Yuntao Shou,Xiangyong Cao,Deyu Meng
2024-10-14
Abstract:Graph Contrastive Learning (GCL) excels at managing noise and fluctuations in input data, making it popular in various fields (e.g., social networks, and knowledge graphs). Our study finds that the difference in high-frequency information between augmented graphs is greater than that in low-frequency information. However, most existing GCL methods focus mainly on the time domain (low-frequency information) for node feature representations and cannot make good use of high-frequency information to speed up model convergence.
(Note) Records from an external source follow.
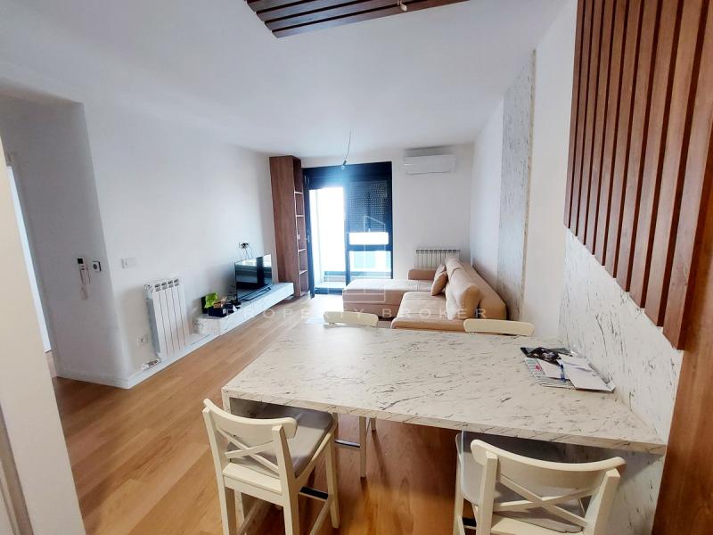 Opis: U ponudi svetao i prostran stan u zgradi u kompleksu New Minel. Stan se nalazi na V spratu i sastoji se od: predsoblja, kuhinje sa trpezarijom, dnevne sobe, terase, dve spavaće sobe i dva kupatila. Stan je kompletno opremljen belom tehnikom i kvalitetnim nameštajem. U cenu zakupa je uračunato i jedno garažno mesto. Odlična povezanost sa svim delovima grada. Blizina marketa, AirPort City-ja, brojnih sedišta korporacija i firmi. Nova zgrada, uredna, okružena zelenilom sa lepim unutrašnjim dvorištem. Alu-drvo stolarija, klima uređaji.
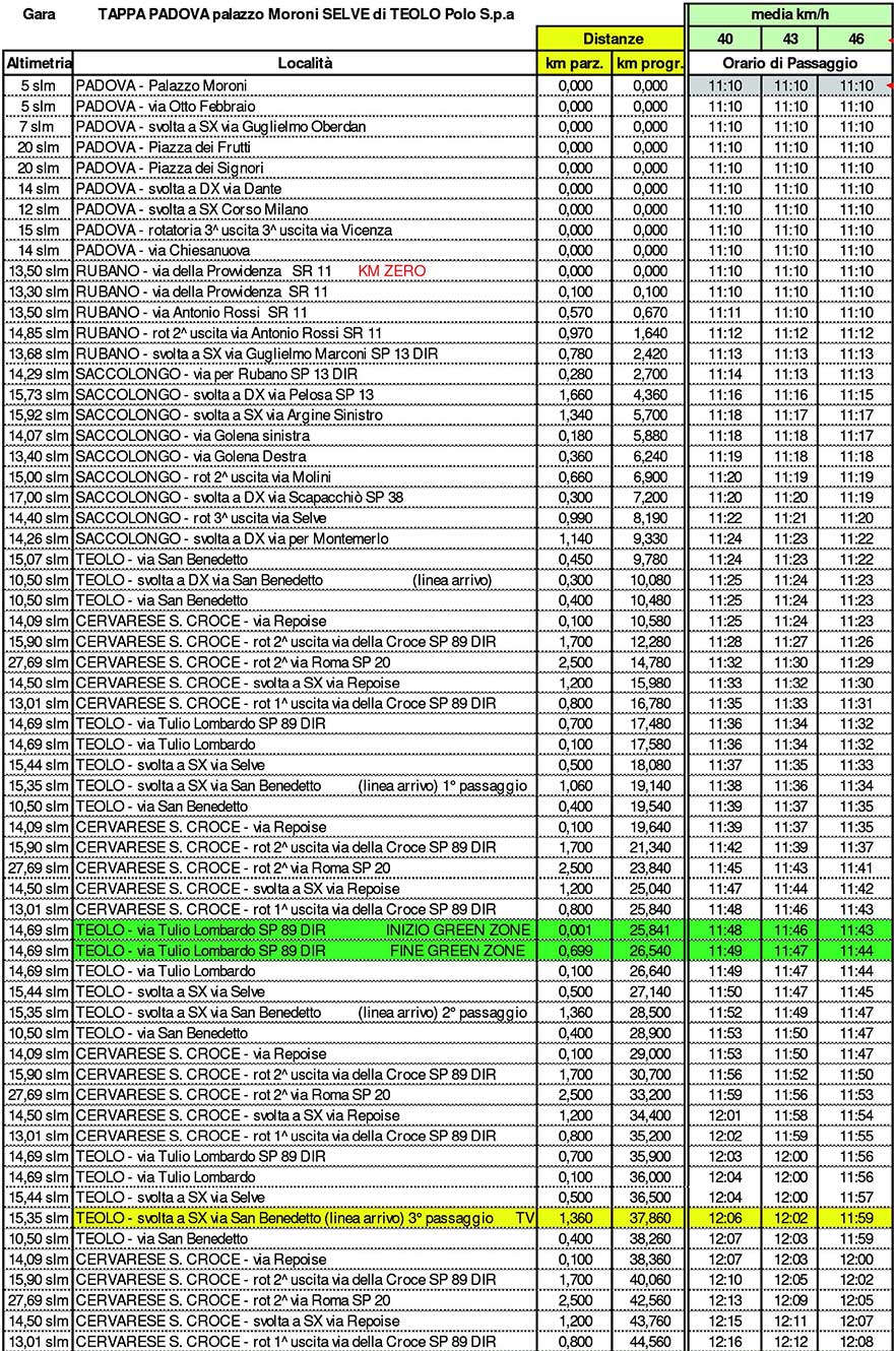Presentazione Team/foglio firma: a partire dalle ore 09:30 via XIII Febbraio (PD) di fronte al Municipio, ordine di presentazione che verrà comunicato durante la riunione tecnica.
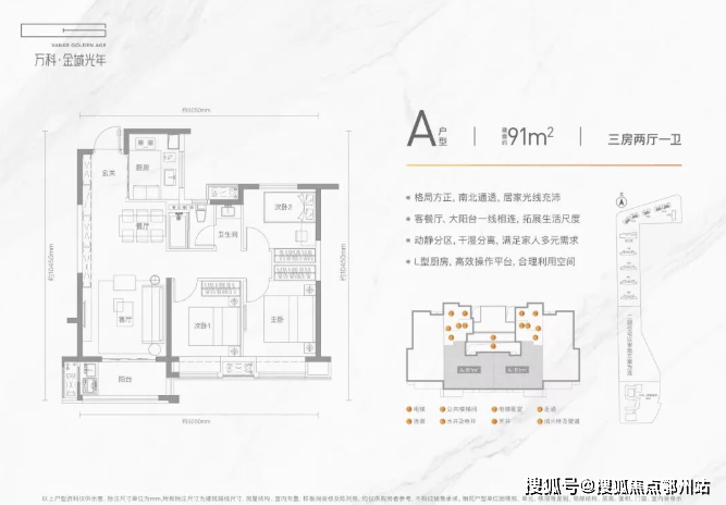 建筑面积约91-107㎡品质精装三房,格局紧凑,南北通透,可满足家庭三代同堂的居住需求。

Furthermore, existing GCL paradigms optimize graph embedding representations by pulling the distance between positive sample pairs closer and pushing the distance between positive and negative sample pairs farther away, but our theoretical analysis shows that graph contrastive learning benefits from pushing negative pairs farther away rather than pulling positive pairs closer. To solve the above-mentioned problems, we propose a novel spectral GCL framework without positive samples, named SpeGCL. Specifically, to solve the problem that existing GCL methods cannot utilize high-frequency information, SpeGCL uses a Fourier transform to extract high-frequency and low-frequency information of node features, and constructs a contrastive learning mechanism in a Fourier space to obtain better node feature representation. Furthermore, SpeGCL relies entirely on negative samples to refine the graph embedding. We also provide a theoretical justification for the efficacy of using only negative samples in SpeGCL. Extensive experiments on un-supervised learning, transfer learning, and semi-supervised learning have validated the superiority of our SpeGCL framework over the state-of-the-art GCL methods.
Machine Learning,Artificial Intelligence
What problem does this paper attempt to address?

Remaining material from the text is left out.